Regulatory Decision Summary for Vabomere

This New Drug Submission (NDS) was submitted to obtain market authorization for Vabomere (meropenem and vaborbactam) for the treatment of bacterial infections in adults: with or without associated bacteremia, complicated urinary tract infections including pyelonephritis; complicated intra-abdominal infection; and hospital acquired pneumonia, including ventilator associated pneumonia; and infections due to gram-negative organisms in adults with limited treatment options.

On April 18, 2024, Health Canada communicated a Notice of Deficiency (NOD) to the Sponsor as the Sponsor had inadvertently submitted the interim report on Study 506 which included 39 patients and was released in 2016, rather than submitting the final report on all 77 patients, released in 2017. The Sponsor’s NOD response provided the final report on Study 506.

The Canadian regulatory decision on the review of Vabomere was based on a critical assessment of the data package submitted to Health Canada. The foreign reviews completed by the United States Food and Drug Administration (FDA) and the European Medicines Agency (EMA) were used as additional references.

Vabomere is a combination of meropenem, a carbapenem antibiotic, with vaborbactam, a β-lactamase inhibitor of carbapenemase inactivation of meropenem, by Klebsiella pneumonia carbapenemase (KPC) in particular. KPC often causes carbapenem resistance in Enterobacterales. Infections with carbapenem-resistant bacteria such as Carbapenem Resistant Enterobacterales (CRE) are rare but associated with high morbidity and mortality. Vabomere to treat carbapenem-resistant bacterial infections addresses an unmet medical need in Canada.
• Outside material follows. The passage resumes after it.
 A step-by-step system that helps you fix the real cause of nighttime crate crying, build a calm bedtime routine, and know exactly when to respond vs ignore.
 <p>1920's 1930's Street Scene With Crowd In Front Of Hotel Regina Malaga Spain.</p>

The Sponsor submitted data from two pivotal phase 3 clinical trials (Study 505 and 506) to support the efficacy and safety of Vabomere for two indications:

• complicated urinary tract infection (cUTI) and acute pyelonephritis (AP) (Study 505), and

• infections caused by KPC-Producing CRE, including cUTI/AP, complicated intra-abdominal infection (cIAI), hospital acquired pneumonia (HAP), including ventilator associated pneumonia (VAP), and bacteremia (Study 506).

However, following review, the primary evidence that supported the efficacy and safety of Vabomere for the recommended indication was from the phase 3 randomized controlled trial Study 506 in adults with known or suspected serious infections with CRE.
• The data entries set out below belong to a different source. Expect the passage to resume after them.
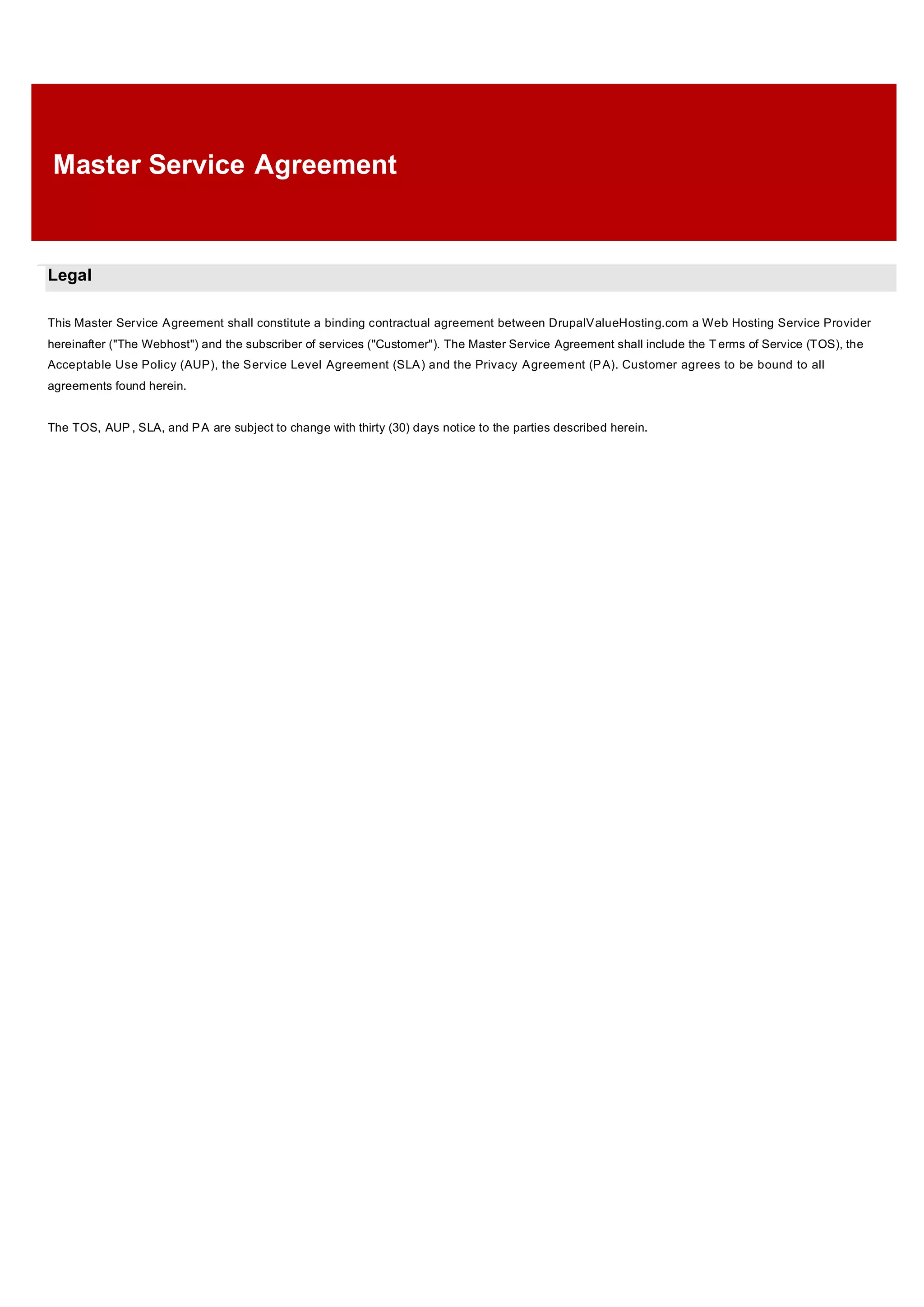The Master Service Agreement outlines the binding terms between drupalvaluehosting.com and its customers, including services provided, fees, cancellation policies, and legal obligations. Key terms include customers' agreement to service fees due in advance, non-refundability of services, and the requirement for written cancellation notice. The document also details the Service Level Agreement (SLA) and Acceptable Use Policy (AUP) governing service reliability and user conduct.
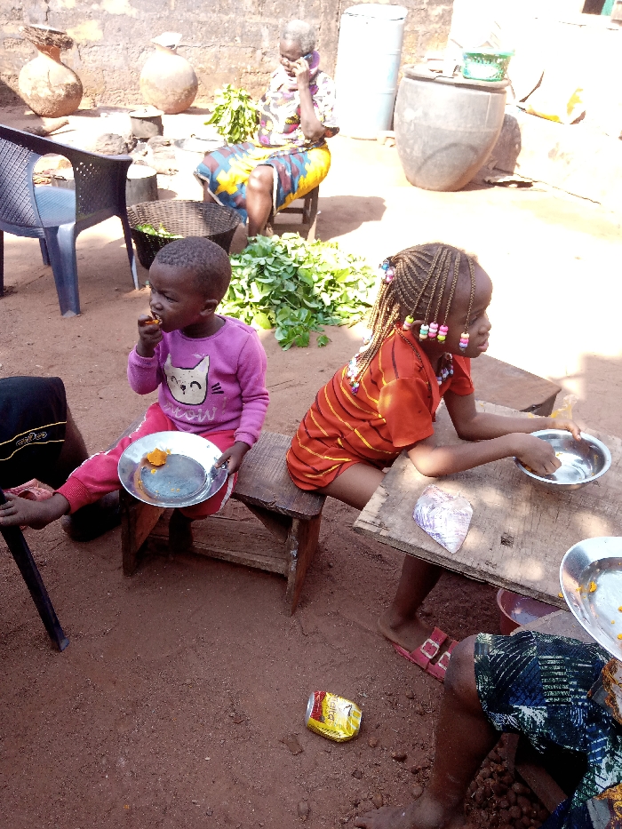 The image depicts an outdoor scene in Okpatu-Ukehe, Nigeria, featuring three individuals and various domestic objects under bright sunlight. In the foreground, two young children are seated on low wooden stools, actively eating. The child on the left, wearing a pink long-sleeve shirt with a cat graphic and red pants, holds a metal plate with orange food residue and consumes an orange food item. The child on the right, with braided hair adorned with colorful beads, wears an orange striped shirt and shorts, and is seen with hands inside a metal bowl on a low wooden table. An elderly person with grey hair, dressed in a patterned top and wrapper, is seated on a wooden stool in the mid-ground, speaking on a mobile phone to their right ear. The ground consists of reddish-brown dirt. A pile of green leafy vegetables lies on the ground, with more in a dark woven basket. Several large clay pots are visible in the background against a light brown brick wall. Other objects include a black plastic chair, a light blue barrel, a small green plastic container, and a crumpled yellow "Seltzer" brand can on the ground. A white and purple striped object rests on the wooden table.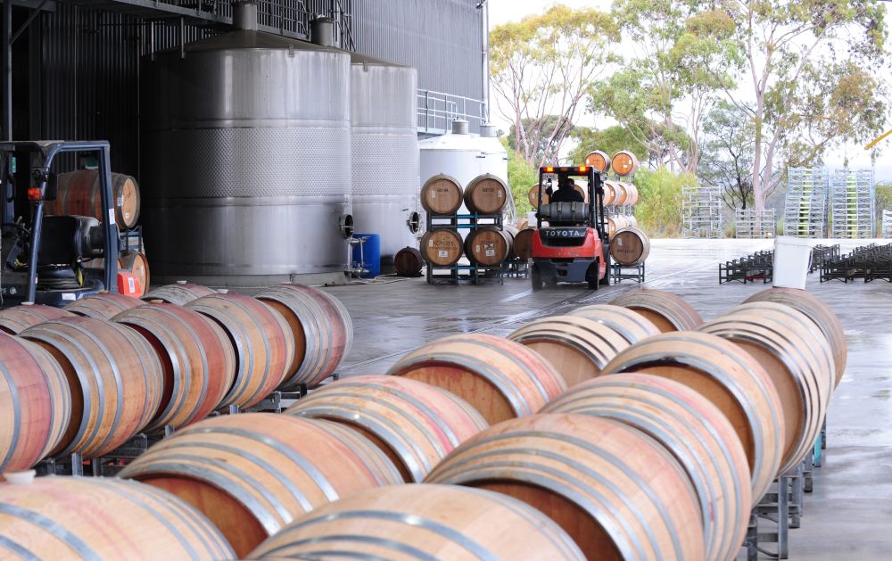 ↑5月30日,在澳大利亞巴羅薩谷,特思納酒莊員工在倉庫搬運葡萄酒桶。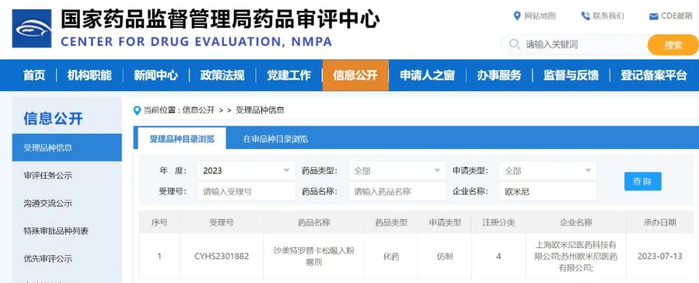 药融圈获悉:近期,苏州欧米尼医药有限公司(以下简称:欧米尼医药)向国家药品监督管理局(以下简称:国家药监局)提出沙美特罗替卡松吸入粉雾剂境内生产药品注册上市许可申请,并于近期收到国家药监局的受理通知。

Study 505, a multicenter, randomized, double-blind, double-dummy, non-inferiority trial, compared the efficacy and safety of Vabomere (meropenem 2 g-vaborbactam 2 g) to piperacillin-tazobactam (piperacillin 4 g/tazobactam 0.5 g) every 8 hours in 545 adults with cUTI and AP. After ≥ 15 intravenous (IV) study drug doses, patients could be switched to oral levofloxacin. One co-primary efficacy endpoint was overall success (clinical cure or improvement and microbiologic eradication) at the end of IV treatment in microbiological modified intention-to-treat (m-MITT) patients (who had received study drug and had a baseline uropathogen). The other was microbial eradication at test of cure (TOC, 1 week after IV treatment), in m-MITT and microbially evaluable (ME) patients (the ME population included m-MITT patients without key violations of inclusion/exclusion criteria). 1.6% of Vabomere-treated infections were meropenem-resistant, and 0.5% had KPC-producing CRE. 59% of MITT patients had pyelonephritis and 40% cUTI; 66% were female. The mean age was 54 years.
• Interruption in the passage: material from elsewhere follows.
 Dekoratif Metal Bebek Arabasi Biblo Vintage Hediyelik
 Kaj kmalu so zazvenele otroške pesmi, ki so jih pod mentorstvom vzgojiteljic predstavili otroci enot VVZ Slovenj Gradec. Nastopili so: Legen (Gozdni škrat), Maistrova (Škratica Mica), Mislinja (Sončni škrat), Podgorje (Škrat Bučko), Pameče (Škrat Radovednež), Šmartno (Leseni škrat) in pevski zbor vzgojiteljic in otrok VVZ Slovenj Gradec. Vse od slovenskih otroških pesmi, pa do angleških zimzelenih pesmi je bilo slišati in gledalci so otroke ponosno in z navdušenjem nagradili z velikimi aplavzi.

Overall success after IV treatment was in 98.4% of Vabomere patients and 94.0% of piperacillin-tazobactam patients: a difference of 4.5% (95% confidence interval [CI]: 0.7%, 9.1%). Eradication trended higher with Vabomere than piperacillin-tazobactam in m-MITT (66.7% versus 57.7%) and ME (66.3% versus 60.4%) populations. The treatment differences in the m-MITT and ME populations were non-inferior, 9.0% (95% CI: -0.9%, 18.7%) and 5.9% (-4.2%, 16%) with a non-inferiority margin of -15%.

The most frequent adverse reactions were headache (8.8%), phlebitis/infusion-site reactions (4.4%), and diarrhea (3.3%). There were one severe and one life-threatening case of infusion-related adverse reactions which were labelled as Severe Warnings and Precautions. Other Severe Warnings and Precautions included such hypersensitivity reactions, seizures, and reduced serum valproic acid levels (potentially risking breakthrough seizures).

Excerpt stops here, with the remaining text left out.